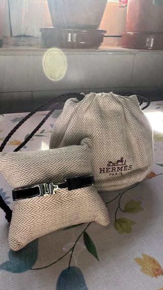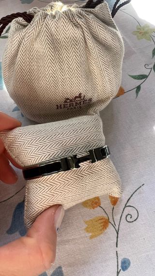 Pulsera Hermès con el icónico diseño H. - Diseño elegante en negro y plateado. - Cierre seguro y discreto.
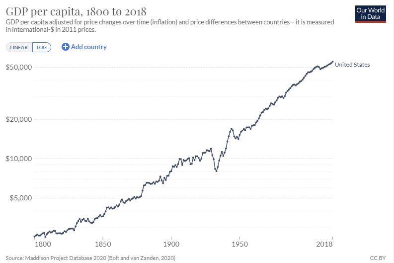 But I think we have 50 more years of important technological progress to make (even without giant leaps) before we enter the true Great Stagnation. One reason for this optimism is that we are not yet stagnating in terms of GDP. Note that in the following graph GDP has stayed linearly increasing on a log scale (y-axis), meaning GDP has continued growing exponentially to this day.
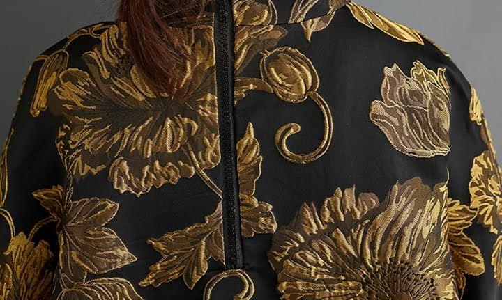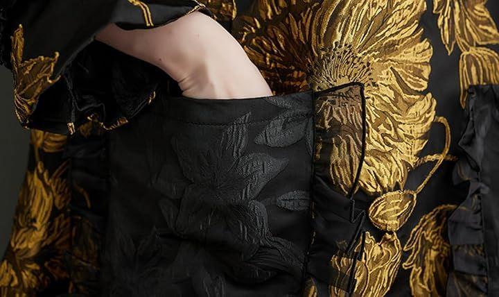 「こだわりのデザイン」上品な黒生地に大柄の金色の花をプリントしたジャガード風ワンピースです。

########################################

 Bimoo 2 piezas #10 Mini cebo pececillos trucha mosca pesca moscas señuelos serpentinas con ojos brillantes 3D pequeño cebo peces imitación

########################################

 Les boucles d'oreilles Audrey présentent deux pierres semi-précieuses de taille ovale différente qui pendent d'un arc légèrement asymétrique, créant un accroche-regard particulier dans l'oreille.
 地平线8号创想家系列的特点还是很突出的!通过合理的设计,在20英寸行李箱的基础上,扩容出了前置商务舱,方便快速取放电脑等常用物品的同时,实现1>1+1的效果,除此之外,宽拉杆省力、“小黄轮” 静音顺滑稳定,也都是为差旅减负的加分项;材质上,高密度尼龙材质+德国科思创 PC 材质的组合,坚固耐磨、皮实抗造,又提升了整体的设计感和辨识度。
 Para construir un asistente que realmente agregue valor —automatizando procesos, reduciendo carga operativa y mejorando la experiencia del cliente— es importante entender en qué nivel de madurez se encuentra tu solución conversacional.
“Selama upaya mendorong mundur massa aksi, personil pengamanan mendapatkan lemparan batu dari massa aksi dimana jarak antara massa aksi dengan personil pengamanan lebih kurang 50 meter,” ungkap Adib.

########################################

● PROBLEM DESCRIPTION:
Will you return exactly the lines above from the one with "Para construir un" down to the one with "upaya mendorong mundur", counting both as part of the range?

● SOLVED EXERCISE:
 Para construir un asistente que realmente agregue valor —automatizando procesos, reduciendo carga operativa y mejorando la experiencia del cliente— es importante entender en qué nivel de madurez se encuentra tu solución conversacional.
“Selama upaya mendorong mundur massa aksi, personil pengamanan mendapatkan lemparan batu dari massa aksi dimana jarak antara massa aksi dengan personil pengamanan lebih kurang 50 meter,” ungkap Adib.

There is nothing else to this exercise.